In Episode 5, I’m making one of my favorite “tastes-fancier-than-it-is” vegetables, a lemon and garlic roasted brussels sprouts dish. Brussels sprouts get a bad rap, don’t you think? I can’t say I was much of a fan of them either—until I stumbled upon this particular recipe a few years ago. So often recipes try to drown the natural, cabbage-y brussels flavor with stronger elements—bacon, cheese, sugar, for example—but instead, this recipe creates just a little sweetness through the natural roasting process and then the jolt of lemon just perks and brightens up the whole dish, I think. What I love most about this brussels sprouts recipe is that it works well cold or hot, making it perfect for potlucks and dinner parties.

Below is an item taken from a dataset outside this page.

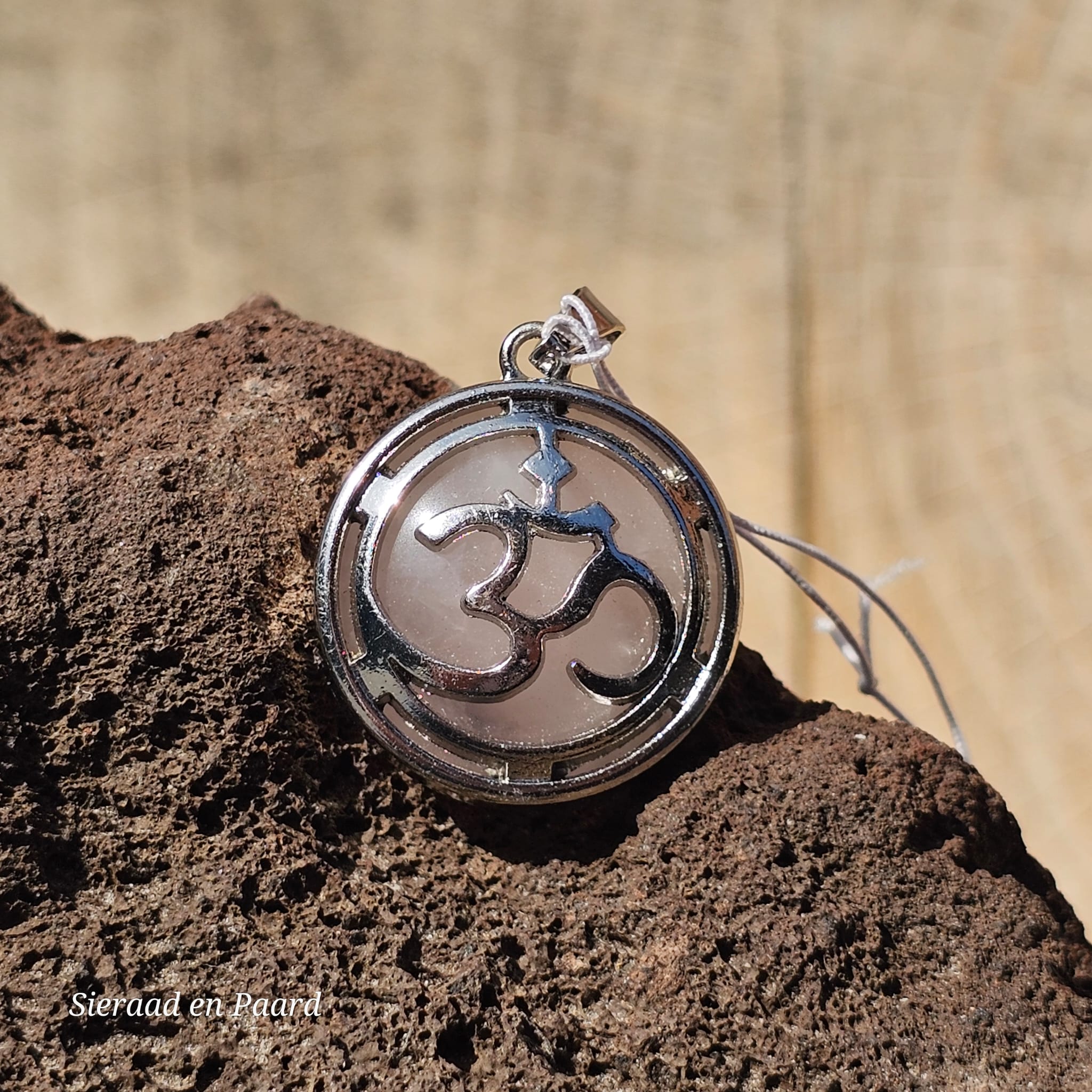 Een stuk rozenkwarts gevat in een hanger met een ohm symbool.
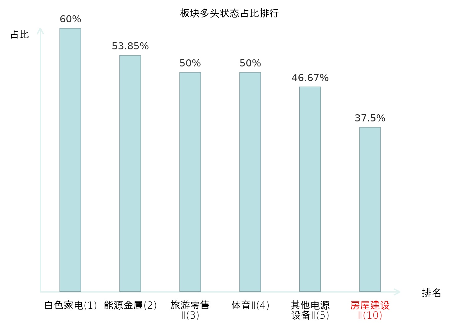 全市场所有行业板块中主力多头状态占比排名中,白色家电板块位居第一。体育Ⅱ板块名次提升最快,较昨日上升127位。

Lemon and Garlic Roasted Brussels Sprouts
About 2 lbs Brussels Sprouts, washed and halved (make sure to leave a little bit of the stem intact so the sprout holds together)
1 tablespoon Olive Oil, divided
3 cloves of garlic, chopped thin
Fresh juice of one lemon
Kosher Salt and pepper
Preheat oven to 425 degrees. Place the Brussels in a large bowl. Add half the olive oil (about a teaspoon and a half; eyeball it) and season with a bit of kosher salt and pepper. Transfer to a baking dish and pop in the oven to roast for 20-25 minutes or until nicely browned, making sure to toss the Brussels a few times for even cooking. When the Brussels are done cooking, begin heating the remaining oil over medium low heat. Sauté the garlic until the edges just begin to brown, then remove from heat and quickly add in the lemon juice. Pour mixture over Brussels and stir well. That’s it!